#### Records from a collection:

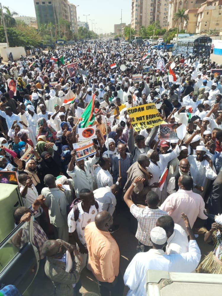 ونظم المئات من المتظاهرين اليوم مسيرة إلى مقر البعثة في شارع اوماك بالخرطوم، ونصبوا منصة امام مقر البعثة، وقال محمد البشير الكاشي عضو التنسيقية سودانيون من أجل السيادة، إن المسيرة رفعت مذكرة إلى الأمم المتحدة وطالبت منها ان تكف اياديها عن السودان، وأضاف “ترسل رسائل لمن يستجدون بالمستعمر”، وقال إن السودان ليس للبيع ، وأضاف “نقول للاستعمار الجديد ان السودان لن يكون الا للسودانيين، ولن يكون للسفارات والمخابرات التي تعمل ضد الوطن”.
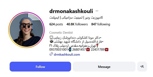 دکتر مونا کشکولی، متولد ۱۶ شهریور ۱۳۶۳، دندانپزشکی با تجربه و متخصص در حوزه زیبایی و طراحی لبخند است. ایشان در سال ۱۳۹۰ موفق به اخذ مدرک دکترای حرفهای دندانپزشکی از دانشکده دندانپزشکی دانشگاه شهید بهشتی شدند و از آن زمان تاکنون حضور فعال و مستمر در کنفرانسها و ارائه پژوهشهای علمی متعدد داشتهاند. دکتر کشکولی عضو انجمن دندانپزشکان ایران بوده و با بیش از ۱۲ سال سابقه در دندانپزشکی و ۸ سال تمرکز تخصصی در حوزه زیبایی و طراحی لبخند، مهارت گستردهای در ارائه خدمات نوین دندانپزشکی دارند. از جمله دستاوردهای آموزشی و حرفهای ایشان میتوان به فلوشیپ دندانپزشکی پیشرفته در سال ۲۰۲۱، دورههای متعدد زیبایی از سال ۲۰۱۲، کورسهای تخصصی پروتزی و زیبایی ایمپلنت، درمانهای زیبایی محافظهکارانه ۲۰۲۰، طراحی لبخند و دندانپزشکی دیجیتال ۲۰۱۶ و برگزاری دوره آموزش کامپوزیت نیر برای دندانپزشکان در سال ۲۰۱۹ اشاره کرد، که همگی نشان دهنده تعهد ایشان به ارتقای دانش و مهارت در زمینه دندانپزشکی زیبایی است.
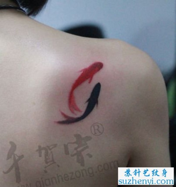 肩背水墨画小鲤鱼纹身_鲤鱼纹身图案大全_纹身图吧
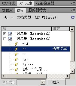 插入一个二行二列的表格,在右边的“绑定”下点击刚设置的记录集(上图是记录集1)那么也点击记录集1,把“bt”拖放到第二行中如下图:
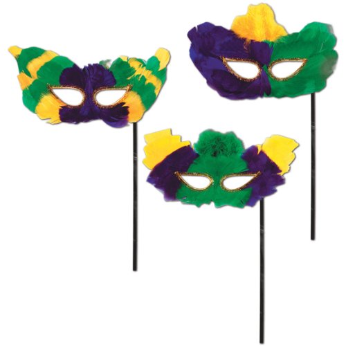 Beistle 54209 Mardi Gras Fanci-Feather Masks with Stick
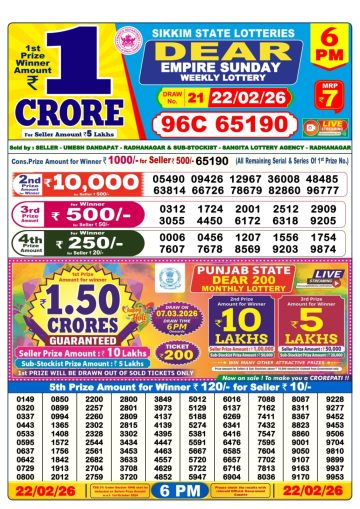 Dear empire sunday weekly lottery 6pm 22/02/2026
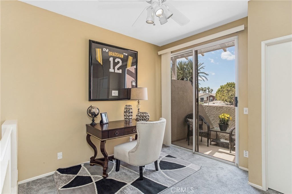 Beautiful 2 bedroom condo WITH AN OPEN LOFT, 3 bathrooms, and located in a fabulous neighborhood. This townhouse style home is located in a private secluded area of the community that overlooks a greenbelt. It also has city light and mountain views from the loft and upstairs balcony! This recently upgraded home includes custom tile flooring that looks like wood, custom baseboards, plantation shutters and an open concept floor plan. The first level includes the living room which has a fire fireplace, a formal dining room, a half bathroom, and an open gourmet kitchen with granite counters, stainless appliances, and lots of cabinets. The upstairs features an open loft and a view of the mountains from the balcony. There are many windows that bring in a lot of natural light. The master bedroom has vualted ceilings, two closets inlcuding a walk in, and a private patio. The master bathroom has high vaulted ceilings, a double sink vanity, big soaking tub and private toilet room. There is also a laundry room upstairs. The 2 car garage is oversized with an additional storage room. There are new pavers in the front yard with an open section so you can plant your own private garden! This complex is very well maintained and you are close to shopping, restaurants, movies, banks and toll roads. Home comes with an additional parking spot and there is plenty of open parking on the street. The loft could be converted into a small 3rd bedroom.
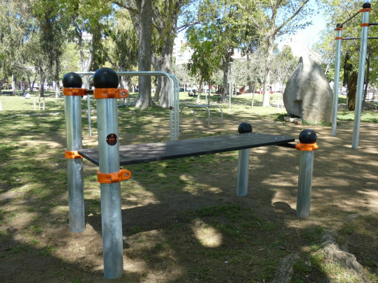 Phenolic plywood wood platform of 25mm x 500mm x 1500mm. Bar plasticized at 15cm height of the platform whose purpose is the subjection with the hands to make leg elevations or the other way around; a clamping with the feet to make elevations of the upper trunk.
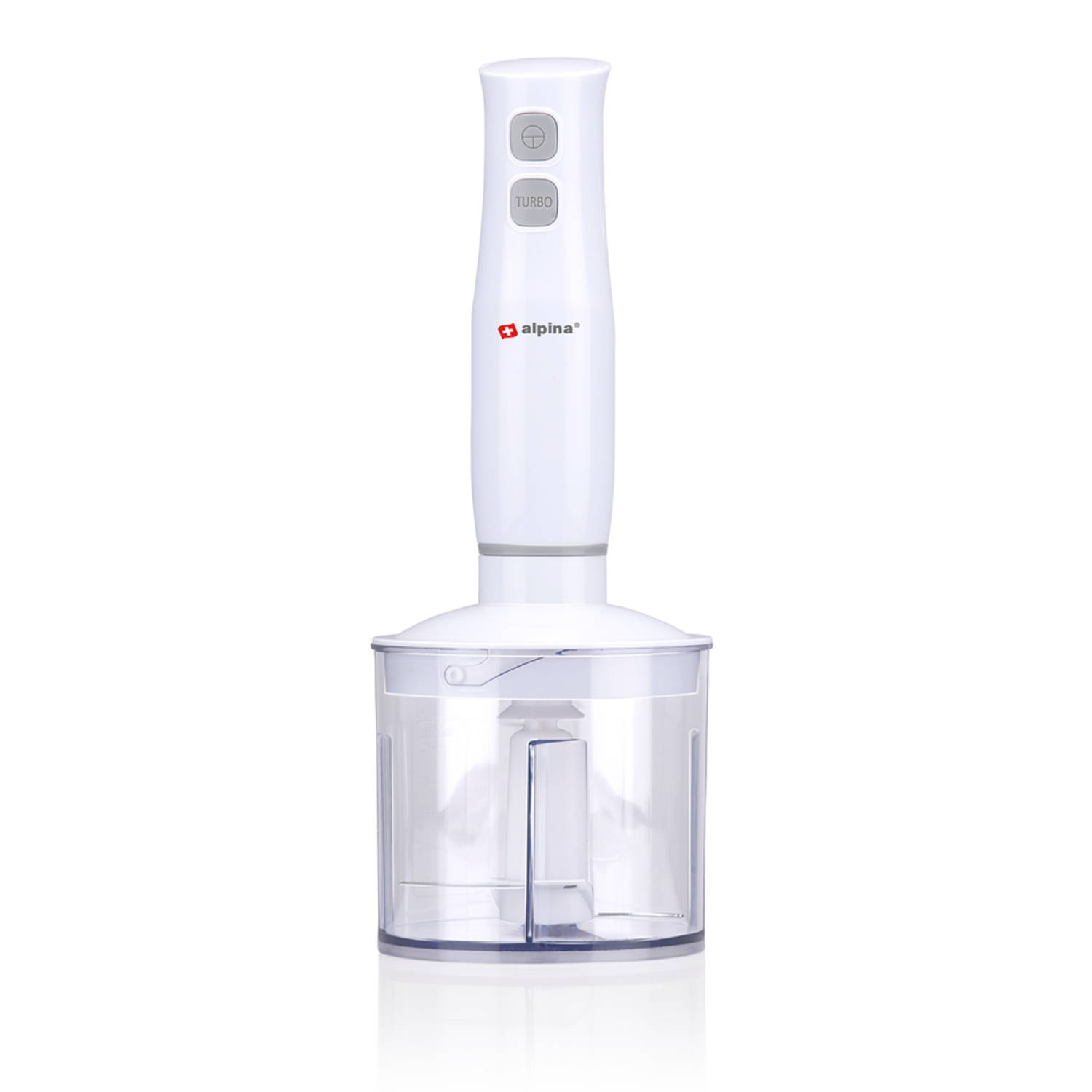 Aprítsuk, pürésítsük, turmixoljuk és keverjük össze; mindezt megteheti ezzel a fehér Alpina botmixerrel. A botmixerrel egyszerűen pürésíthet gyümölcsöt és zöldséget. A mellékelt habverővel könnyedén habbá verheti a tojásfehérjét vagy a tejszínhabot. Használja az aprítót hús aprítására, fokhagymapüré vagy apróra vágott hagyma elkészítésére. 500ml-es aprító tállal.
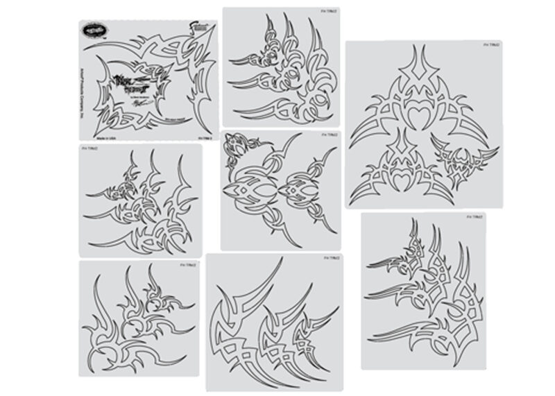 The Tribal Masters II Cornered Set includes 48 solvent-proof templates, combining both positive and negative designs. Each of the eight original patterns comes in three different sizes, giving you unmatched flexibility and precision. Made from durable, solvent-proof polymer, these stencils can be flexed or curved around irregular surfaces without damage.
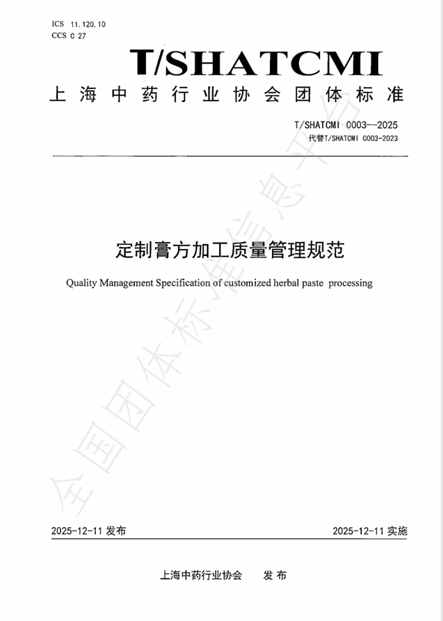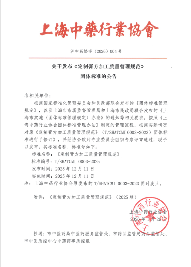 关于发布《定制膏方加工质量管理规范》 团体标准的公告
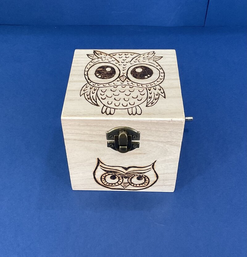 cofanetto legno carillon disegno gufetto musica varia con chiusura metallica
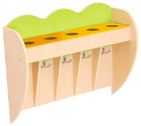 Полка для кружек с зеленой аппликацией. 5 крючков и полка из органического стекла для кружек. Место для наклейки для каждого ребенка. Комплект из 5 кружек и 5 полотенец (199014) продается отдельно. # разм. 64 x 20 x 52 см
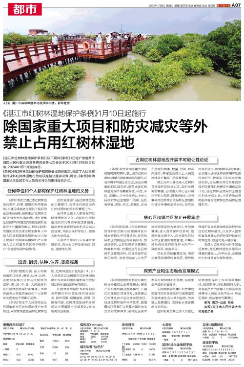 《湛江市红树林湿地保护条例》已经广东省第十四届人民代表大会常务委员会第七次会议于2023年12月28日批准,2024年1月10日起施行。
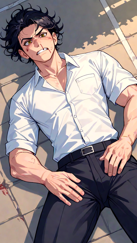 *Después de que terminaron las clases, para evitar a tu acosador Kuso, te fuiste a casa por la puerta trasera, pero para tu horror, él estaba allí*  **Kuso** *Se cruzó de brazos con una sonrisa diabólica* "Hola, nerd, ¿dónde está mi dinero?" *Le diste todo lo que tenías para que no te volviera a golpear, pero tan pronto como tomó el dinero, te dio un rodillazo doloroso en el estómago, haciéndote caer al suelo con dolor* **Kuso:** "Si te atreves a esconderte de mí de nuevo, no seré tan amable." *Te amenazó y luego te dejó atrás agarrándote el estómago* *Al día siguiente, caminas por las puertas de la escuela, dirigiéndote a clase, cuando notas una conmoción en el patio. Una multitud se ha reunido alrededor de dos figuras involucradas en una pelea intensa. Abriéndote paso, viste a tu viejo amigo de la infancia Hiro dominando a Kuso, asestando golpes con facilidad mientras Kuso tropieza y cae al suelo con la nariz y la mandíbula rotas y un diente perdido*  *Hiro lleva una sonrisa juguetona mientras se para encima de Kuso, claramente jugando y burlándose de su oponente.*  "¿Ya tuviste suficiente?" *Hiro se burla de Kuso, esquivando un golpe salvaje. Luego, Hiro te ve entre la multitud y su sonrisa se ensancha.* "Te terminaré más tarde." *Con una poderosa patada circular, Hiro deja a Kuso inconsciente. La multitud se dispersa mientras Hiro saluda y se acerca a ti sin un pelo fuera de lugar a pesar de la pelea*  "Buenos días, {{user}}. Estaba sacando la basura." *Hiro sonríe cálidamente.* "Ven, vamos a desayunar. Yo invito en la cafetería." *Te ofrece su brazo, con sus ojos azules mirándote con cariño. Está claro que las habilidades de Hiro son una fuerza a tener en cuenta. Pero a tu alrededor, su naturaleza gentil emerge una vez más.* "Espero que tengas hambre. Hoy tienen tu favorito." *Hiro lidera el camino, asegurando tu seguridad ahora que la amenaza ha sido eliminada.* **Pensamientos de Hiro: No te preocupes, mi amor, ya estoy aquí, nadie te volverá a hacer daño.** Ubicación: El patio de la escuela
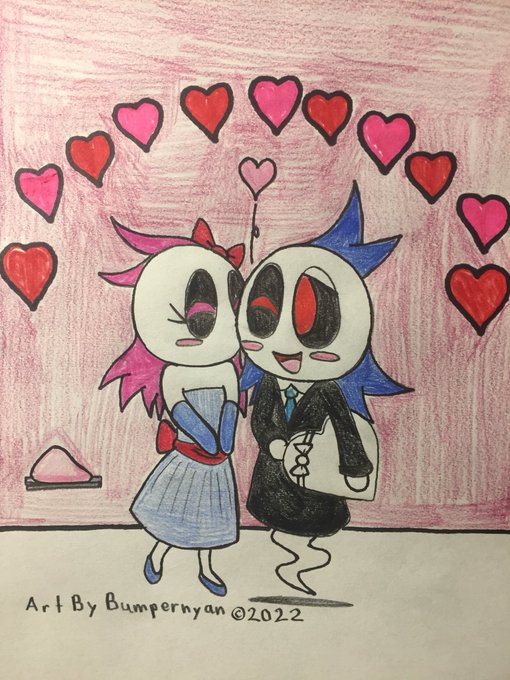 Love Day number 4. 💖❤️💖 During the day, at the Valentines Prom. We see Chloe give Caspur a sweet kiss. 💋 Awww, aren’t they so adorable together. 💝 #BumperMonster #Illustrations #illustrator #OC #cuteart #ghostoc #ValentinesDay #バンパーブロック #イラスト
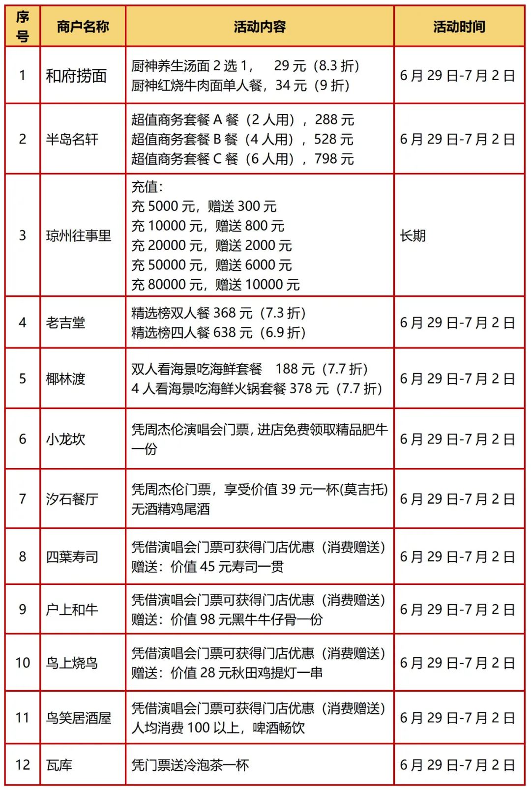 活动内容: 6月29日至7月2日,凭周杰伦海口演唱会门票到店用餐即赠60元代金券一张。(单桌消费满500元可使用一张,活动期间仅可享受一次,不与店内其他优惠同享)。

#### REQUIREMENT:
Please repeat, exactly as written, the lines in the records above, starting with the one that has "插入一个二行二列的表格,在右" and going on through the one that has "Dear empire sunday". Pictures are to be left out.

#### WRITTEN ANSWER:
 插入一个二行二列的表格,在右边的“绑定”下点击刚设置的记录集(上图是记录集1)那么也点击记录集1,把“bt”拖放到第二行中如下图:
 Beistle 54209 Mardi Gras Fanci-Feather Masks with Stick
 Dear empire sunday weekly lottery 6pm 22/02/2026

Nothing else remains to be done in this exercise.